After a teenage foray into journalism at the Yorkshire Evening Post and national military service with the navy, O’Toole auditioned for the Royal Academy of Dramatic Art and won a scholarship.

He went from there to the Bristol Old Vic and soon was on his way to stardom, helped along by an early success in 1959 at London’s Royal Court Theatre in The Long and The Short and The Tall.

The image of the renegade hell-raiser stayed with O’Toole for decades, although he gave up drinking in 1975 after serious health problems and major surgery.

He did not, however, give up smoking unfiltered Gauloises cigarettes in an ebony holder. That and his penchant for green socks, overcoats and scarves lent him a rakish air and suited his fondness for drama.

A month before his 80th birthday in 2012, O’Toole announced his retirement from a career that he said had fulfilled him emotionally and financially.

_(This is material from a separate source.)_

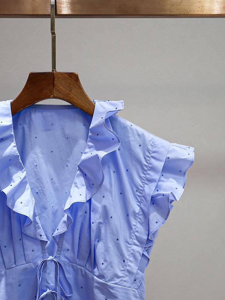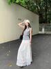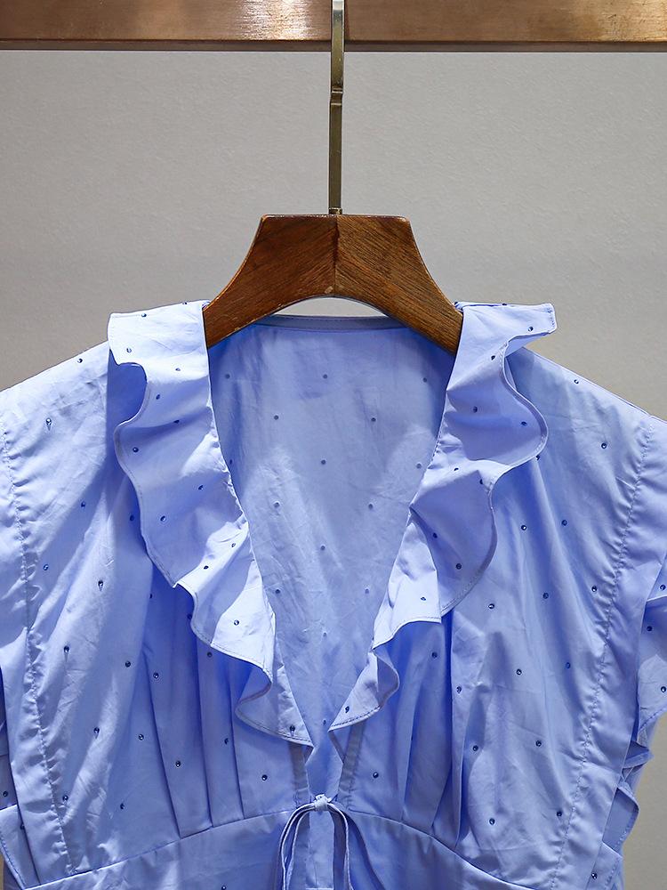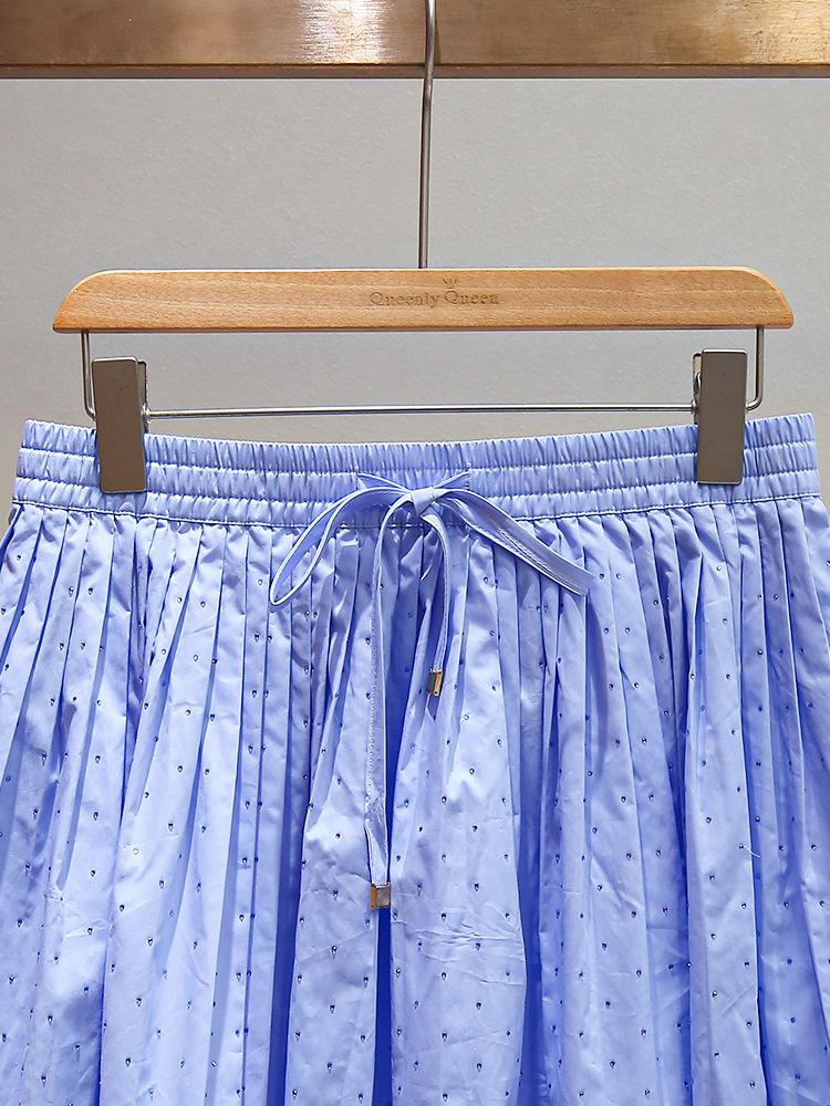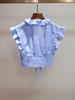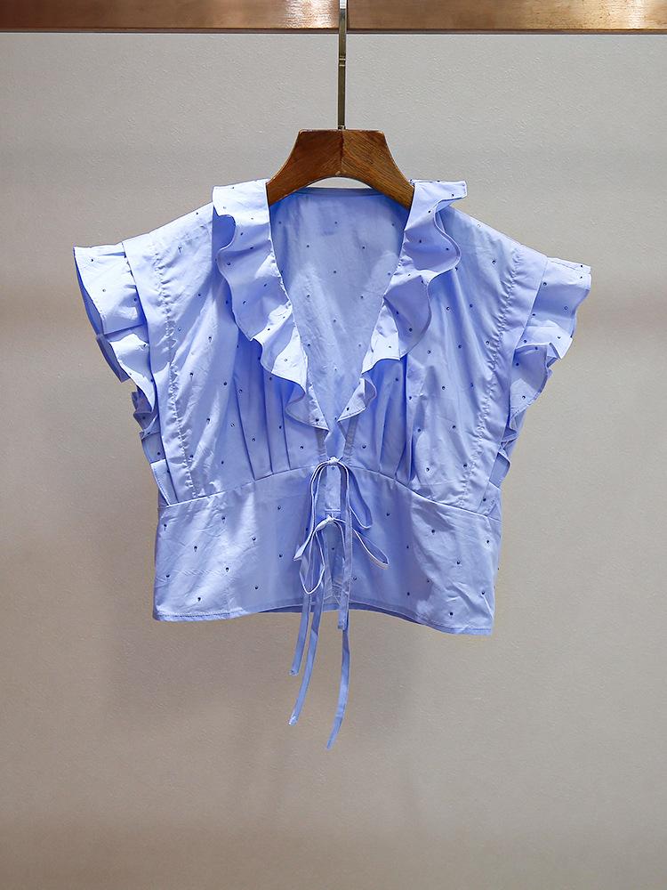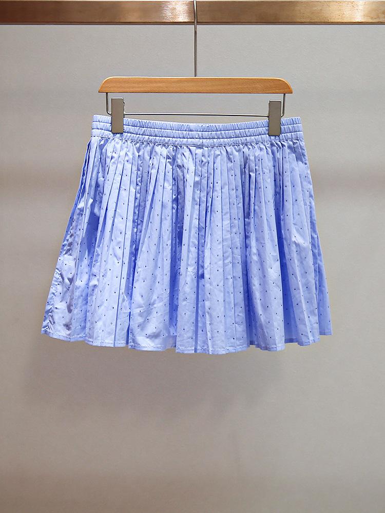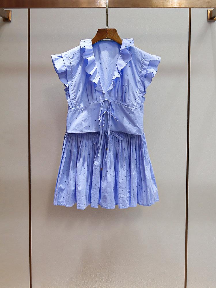Nuevo Estilo de Verano para Mujer Top Nicho Francés con Lazo y Volantes + Falda Plisada con Diamantes Traje de Dos Piezas

“However, it’s my belief that one should decide for oneself when it is time to end one’s stay,” he said. “So I bid the profession a dry-eyed and profoundly grateful farewell.”

The 1980 Macbeth in which he starred was a critical disaster of heroic proportions.

In 1989, however, O’Toole had a big stage success with Jeffrey Bernard is Unwell.

The honorary Oscar came 20 years after his seventh nomination for My Favorite Year.

O’Toole divorced Welsh actress Sian Phillips in 1979 after 19 years of marriage. The couple had two daughters, Kate and Pat.

A brief relationship with American model Karen Somerville led to the birth of his son Lorcan in 1983.

Information for this article was contributed by Raphael Satter of The Associated Press.